### PROBLEM STATEMENT
Repeat exactly the lines of the records below, starting at the line containing "- 邻接矩阵:直接看矩阵对应位置的值是否为1" and ending at the line containing "数据图表4数据统计显示信息,1-5月份,印尼仍然是中国挤". Leave the pictures out.

### INPUT RECORDS

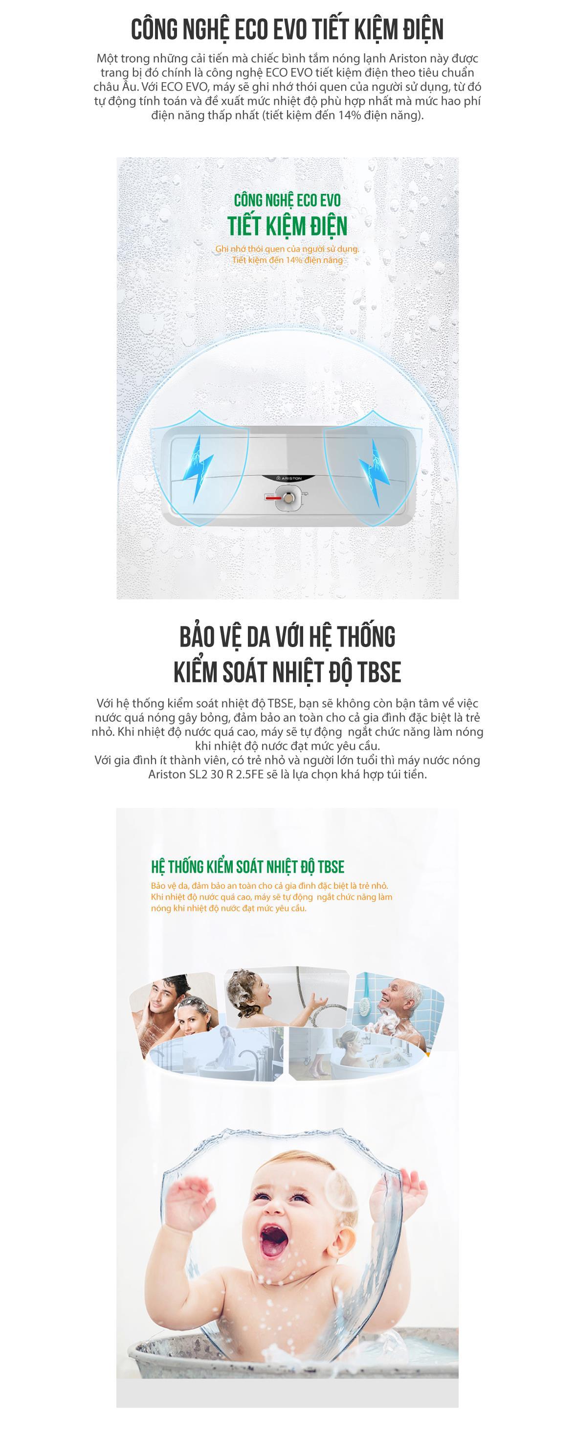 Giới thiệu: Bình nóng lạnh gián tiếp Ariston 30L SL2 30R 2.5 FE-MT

* * *

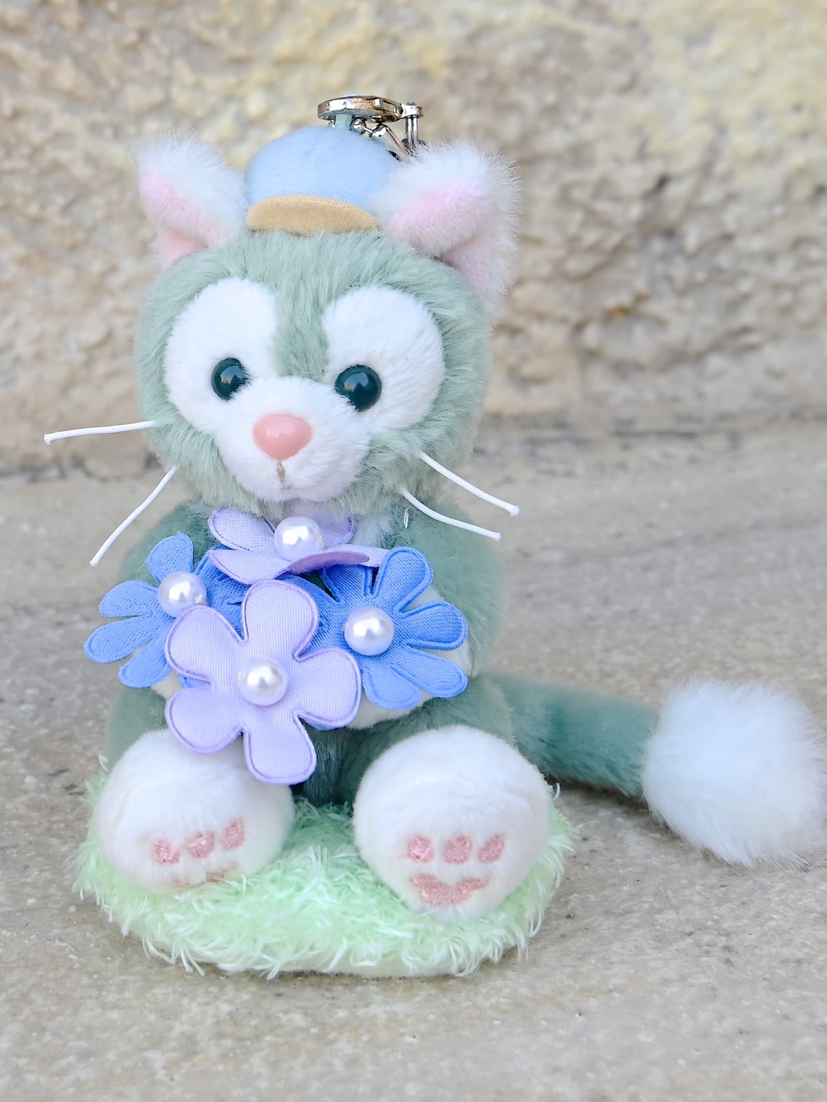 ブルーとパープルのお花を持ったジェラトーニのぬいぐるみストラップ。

...

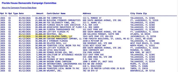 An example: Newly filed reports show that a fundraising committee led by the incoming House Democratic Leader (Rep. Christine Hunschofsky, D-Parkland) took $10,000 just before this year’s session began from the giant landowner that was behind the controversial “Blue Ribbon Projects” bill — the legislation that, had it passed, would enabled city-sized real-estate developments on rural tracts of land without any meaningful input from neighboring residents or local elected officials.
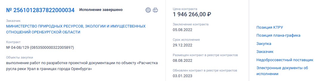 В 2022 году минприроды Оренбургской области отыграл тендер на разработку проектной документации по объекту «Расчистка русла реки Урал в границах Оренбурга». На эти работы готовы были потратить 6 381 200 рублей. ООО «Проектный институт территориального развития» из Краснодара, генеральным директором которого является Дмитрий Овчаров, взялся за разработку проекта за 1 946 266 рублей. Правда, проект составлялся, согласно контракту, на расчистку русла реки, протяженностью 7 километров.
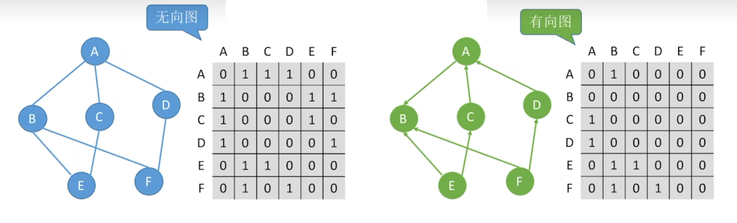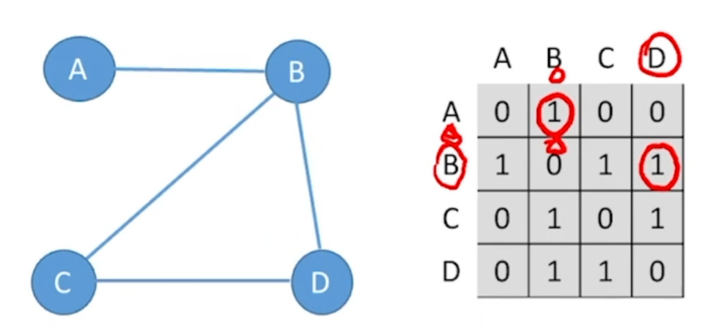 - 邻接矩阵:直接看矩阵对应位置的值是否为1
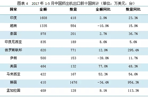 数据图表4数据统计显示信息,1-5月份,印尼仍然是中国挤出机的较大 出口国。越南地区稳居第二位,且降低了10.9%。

### RESPONSE TO THE TASK
 - 邻接矩阵:直接看矩阵对应位置的值是否为1
 数据图表4数据统计显示信息,1-5月份,印尼仍然是中国挤出机的较大 出口国。越南地区稳居第二位,且降低了10.9%。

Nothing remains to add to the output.